Data extracted from a collection:
▼
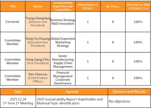 The company established a cross-departmental Sustainable Development Committee in 2021. On August 11, 2025, the Board of Directors resolved to establish a "Sustainable Development Committee" under the Board‘s governance. Its primary responsibilities are as follows:
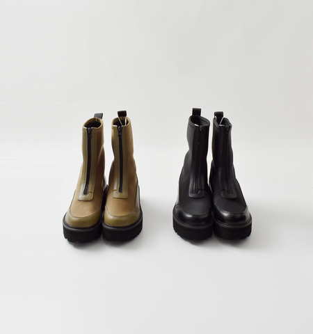 トレンドとミリタリーテイストを融合させモダンなルックスに仕上げた新型ブーツ『ZIP THICK TANK BOOTIE(ジップ シック タンク ブーティー)』。厚底のシックタンクソールが醸し出すミリタリーなムードに、ソフトで足に吸い付くようなネオプレンアッパー、そしてトレンドのセンタージップを配したスリムシルエットが、かつてないラグジュアリーな印象を与えます。
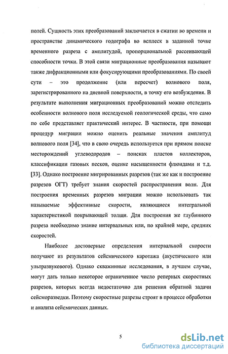 Теоретические основы одного из способов осуществления миграции разработал академик С В Гольдин Продолженное в нижнее полупространство волновое поле предложено им вычислять посредством некоторого интегрального преобразования сейсмических данных, зарегистрированных на дневной поверхности Им же получены формулы, связывающие эффективные скорости продолжения с пластовыми (интервальными) скоростями для системы наблюдений с одним источником сейсмических колебаний В свою очередь А А Тузовский разработал алгоритм вычисления эффективных скоростей продолжения волнового поля с использованием подобного интегрального оператора для многократной системы наблюдений Однако, задача вычисления интервальных скоростей для такой системы оставалась нерешенной
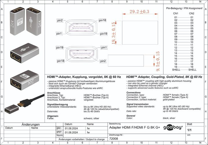 Goobay Goobay Plus HDMI-Kupplung / Adapter / 8K / UHD / 3D / HDR / HEC / CEC / eARC
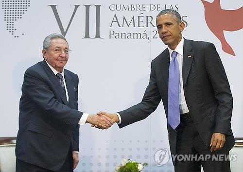 | △ 지난 4월 파나마에서 만나 악수하는 라울 카스트로 쿠바 국가평의회 의장과 버락 오바마 미국 대통령(AP=연합뉴스) |
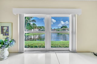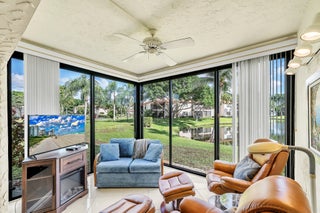 Clean & furnished first floor unit with magnificent views. Corner unit offers a lot of natural light w/ enclosed back offering serenity of greenery & lake view. Stackable clothes washer & dryer in unit & close assigned parking spot (1) offers convenience. Both walk-in shower & shower/tub in home. Ample, close parking for guests. Subdivision is gated w/ community pool. Desirable Boca Raton location convenient to shopping, I-95, Florida Turnpike, restaurants, Town Center Mall & main roads. Community is age-restricted to 55+. No pets & No smoking. Annual lease only.
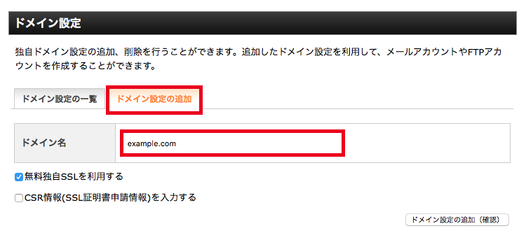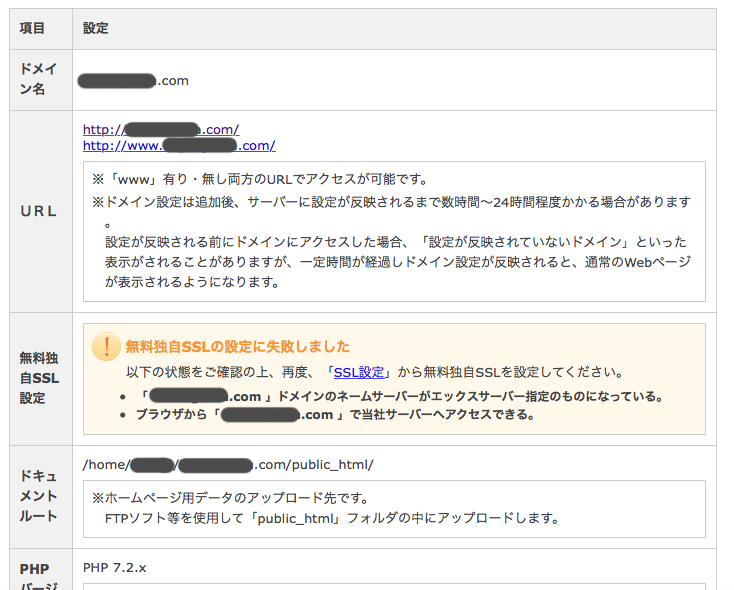 「無料独自SSLを利用する」にチェックを入れていても、「無料独自SSLの設定に失敗しました」と表示される事がありますが、後で設定できるのでとりあえず無視します。(→設定については 8.SSL設定を行う [Xサーバー] へ)
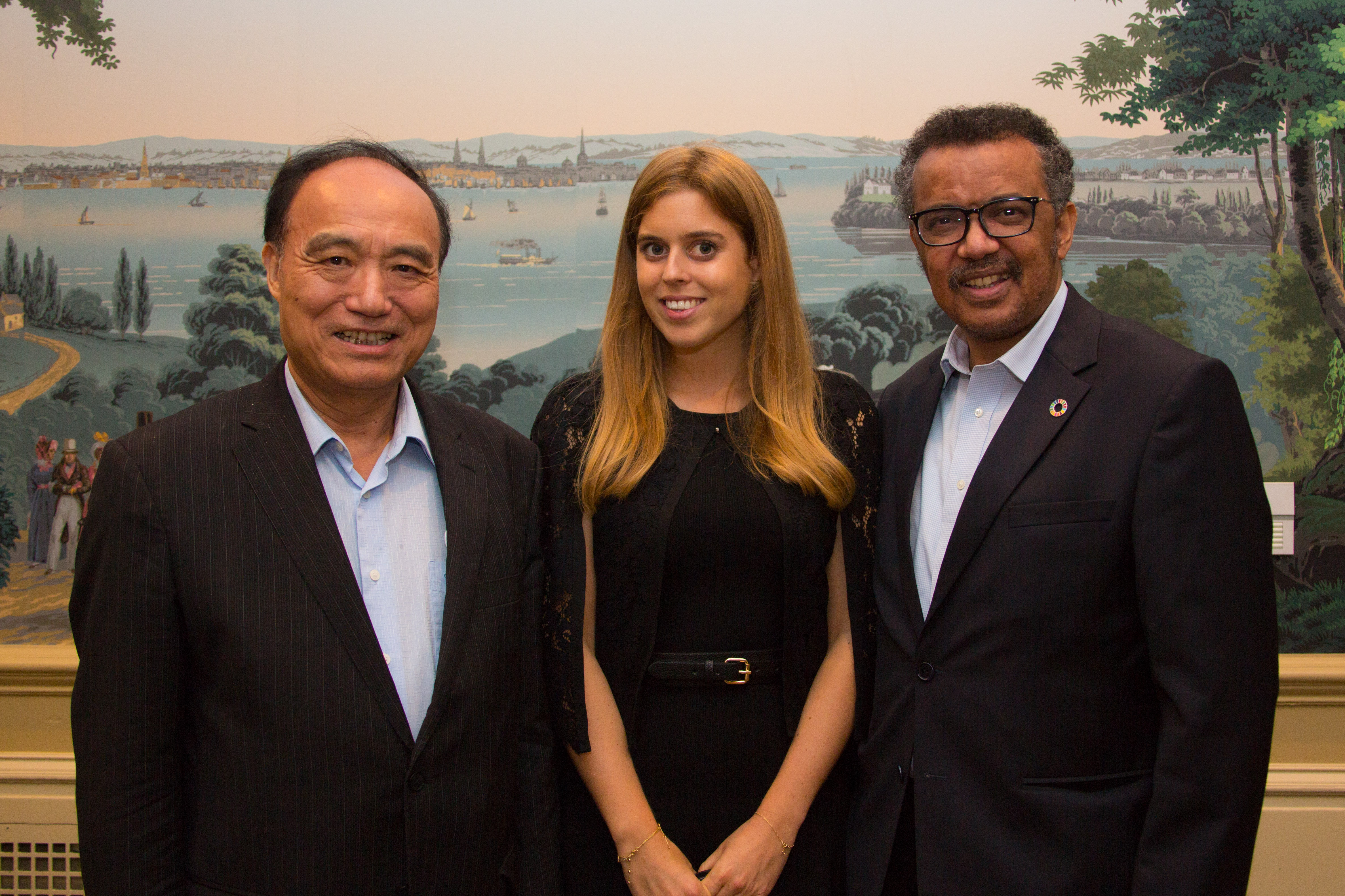 후린 자오, 베아트리스 공주, 테드로스 아드하놈과 함께, 2017년 9월 UN 광대역 통신 위원회 만찬
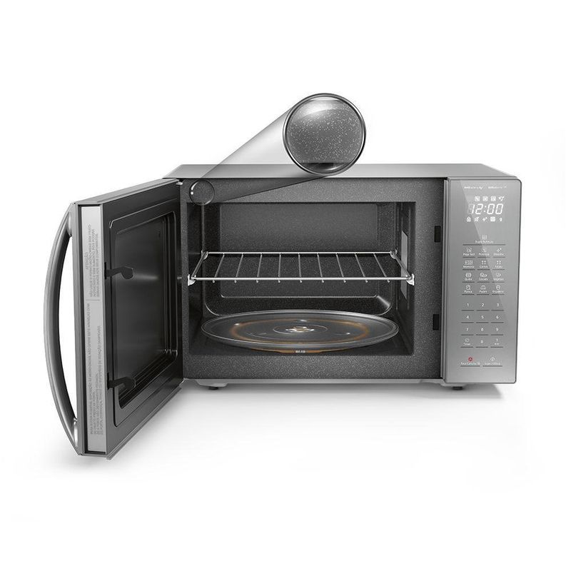 Micro-ondas Panasonic Tecnologia Antibactéria AG 34L Inox - ST67LSRU 110VO micro-ondas Panasonic ST67LSRU é a solução ideal para quem busca eficiência e modernidade na cozinha. Com a tecnologia Antibactéria e recursos práticos como Dupla Refeição e Pega Fácil, ele oferece um desempenho superior e facilidade na limpeza, tornando o preparo de refeições mais rápido e seguro.Recursos:Antibactéria AG: Inibe 99,9% da proliferação de bactérias.Dupla Refeição: Permite aquecer duas porções simultaneamente com grelha removível.Pega Fácil: Facilita a remoção de utensílios quentes.Revestimento Antiaderente: 4x mais fácil de limpar.Autodescongelamento: 2 opções disponíveis.Desodorizador: Elimina odores de receitas anteriores.Funções Adicionais:Relógio: SimTrava de Segurança: SimAdicionar 30 seg.: SimTipo: Micro-ondas com Tecnologia Antibactéria AGCapacidade: 34LCor: InoxPotência de Entrada (Micro-ondas): 900 WNíveis de Potência (Micro-ondas): 10Largura sem Embalagem: 52 cmAltura sem Embalagem: 32,5 cmProfundidade sem Embalagem: 43,2 cmPeso Líquido: 14,8 kgPeso Bruto: 15,7 kgInterior: CinzaPorta: EspelhadaGarantia: 12 meses
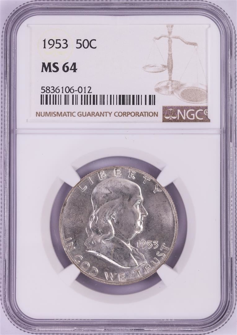 One 1953 Franklin Half Dollar Coin NGC MS64. NGC Certified.
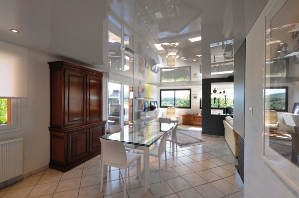 Miroir. Plafond tendu à effet laqué pour cet espace de vie. © Barrisol. 2010. Normalu.
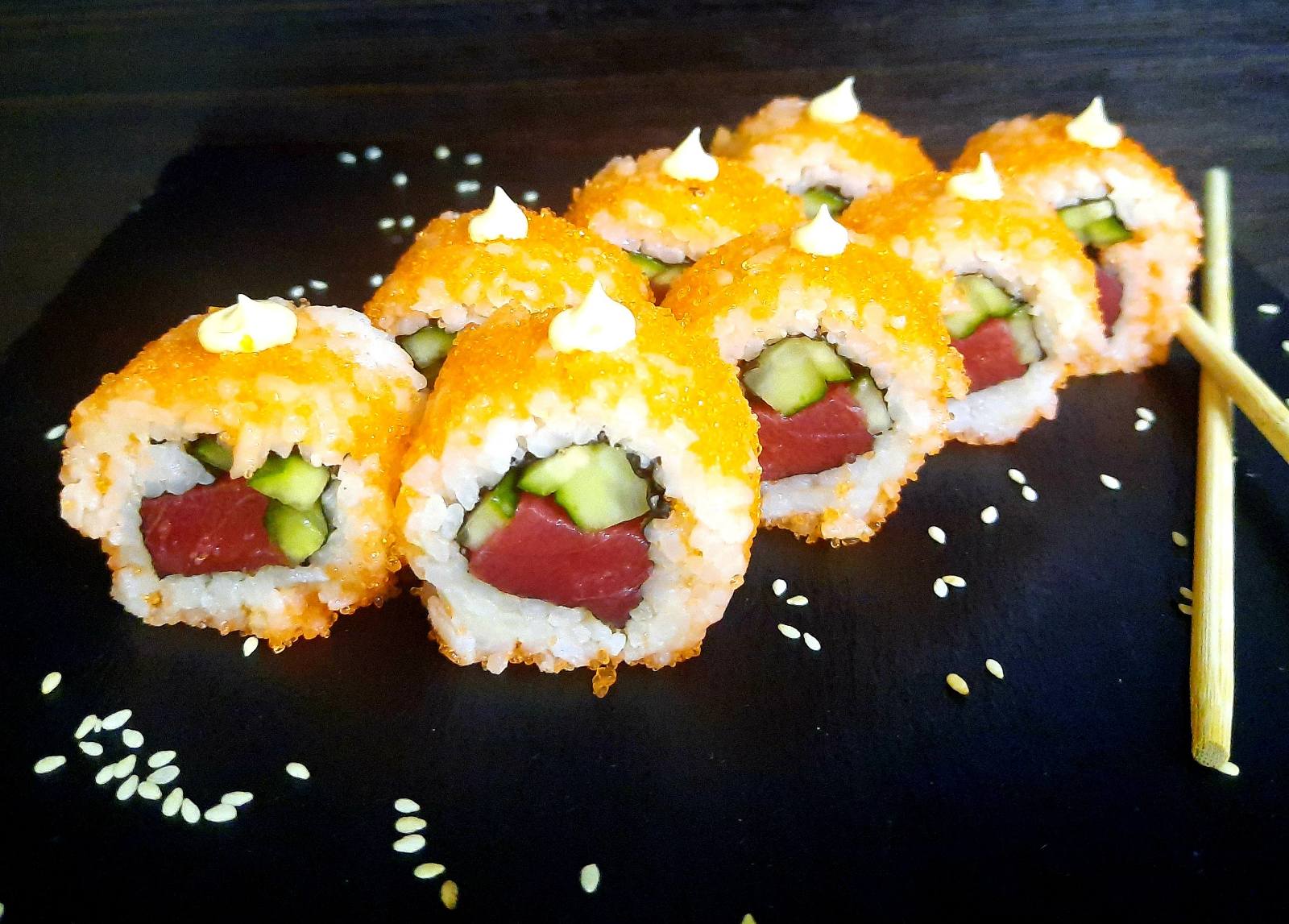 Рис,норі,тунець, ікра Тобіка, соус Спайсі,огірок.
▲
• **EXERCISE GOAL**
Each record should appear again exactly as it stands, with no picture included.

• **OUTPUT**
 The company established a cross-departmental Sustainable Development Committee in 2021. On August 11, 2025, the Board of Directors resolved to establish a "Sustainable Development Committee" under the Board‘s governance. Its primary responsibilities are as follows:
 トレンドとミリタリーテイストを融合させモダンなルックスに仕上げた新型ブーツ『ZIP THICK TANK BOOTIE(ジップ シック タンク ブーティー)』。厚底のシックタンクソールが醸し出すミリタリーなムードに、ソフトで足に吸い付くようなネオプレンアッパー、そしてトレンドのセンタージップを配したスリムシルエットが、かつてないラグジュアリーな印象を与えます。
 Теоретические основы одного из способов осуществления миграции разработал академик С В Гольдин Продолженное в нижнее полупространство волновое поле предложено им вычислять посредством некоторого интегрального преобразования сейсмических данных, зарегистрированных на дневной поверхности Им же получены формулы, связывающие эффективные скорости продолжения с пластовыми (интервальными) скоростями для системы наблюдений с одним источником сейсмических колебаний В свою очередь А А Тузовский разработал алгоритм вычисления эффективных скоростей продолжения волнового поля с использованием подобного интегрального оператора для многократной системы наблюдений Однако, задача вычисления интервальных скоростей для такой системы оставалась нерешенной
 Goobay Goobay Plus HDMI-Kupplung / Adapter / 8K / UHD / 3D / HDR / HEC / CEC / eARC
 | △ 지난 4월 파나마에서 만나 악수하는 라울 카스트로 쿠바 국가평의회 의장과 버락 오바마 미국 대통령(AP=연합뉴스) |
 Clean & furnished first floor unit with magnificent views. Corner unit offers a lot of natural light w/ enclosed back offering serenity of greenery & lake view. Stackable clothes washer & dryer in unit & close assigned parking spot (1) offers convenience. Both walk-in shower & shower/tub in home. Ample, close parking for guests. Subdivision is gated w/ community pool. Desirable Boca Raton location convenient to shopping, I-95, Florida Turnpike, restaurants, Town Center Mall & main roads. Community is age-restricted to 55+. No pets & No smoking. Annual lease only.
 「無料独自SSLを利用する」にチェックを入れていても、「無料独自SSLの設定に失敗しました」と表示される事がありますが、後で設定できるのでとりあえず無視します。(→設定については 8.SSL設定を行う [Xサーバー] へ)
 후린 자오, 베아트리스 공주, 테드로스 아드하놈과 함께, 2017년 9월 UN 광대역 통신 위원회 만찬
 Micro-ondas Panasonic Tecnologia Antibactéria AG 34L Inox - ST67LSRU 110VO micro-ondas Panasonic ST67LSRU é a solução ideal para quem busca eficiência e modernidade na cozinha. Com a tecnologia Antibactéria e recursos práticos como Dupla Refeição e Pega Fácil, ele oferece um desempenho superior e facilidade na limpeza, tornando o preparo de refeições mais rápido e seguro.Recursos:Antibactéria AG: Inibe 99,9% da proliferação de bactérias.Dupla Refeição: Permite aquecer duas porções simultaneamente com grelha removível.Pega Fácil: Facilita a remoção de utensílios quentes.Revestimento Antiaderente: 4x mais fácil de limpar.Autodescongelamento: 2 opções disponíveis.Desodorizador: Elimina odores de receitas anteriores.Funções Adicionais:Relógio: SimTrava de Segurança: SimAdicionar 30 seg.: SimTipo: Micro-ondas com Tecnologia Antibactéria AGCapacidade: 34LCor: InoxPotência de Entrada (Micro-ondas): 900 WNíveis de Potência (Micro-ondas): 10Largura sem Embalagem: 52 cmAltura sem Embalagem: 32,5 cmProfundidade sem Embalagem: 43,2 cmPeso Líquido: 14,8 kgPeso Bruto: 15,7 kgInterior: CinzaPorta: EspelhadaGarantia: 12 meses
 One 1953 Franklin Half Dollar Coin NGC MS64. NGC Certified.
 Miroir. Plafond tendu à effet laqué pour cet espace de vie. © Barrisol. 2010. Normalu.
 Рис,норі,тунець, ікра Тобіка, соус Спайсі,огірок.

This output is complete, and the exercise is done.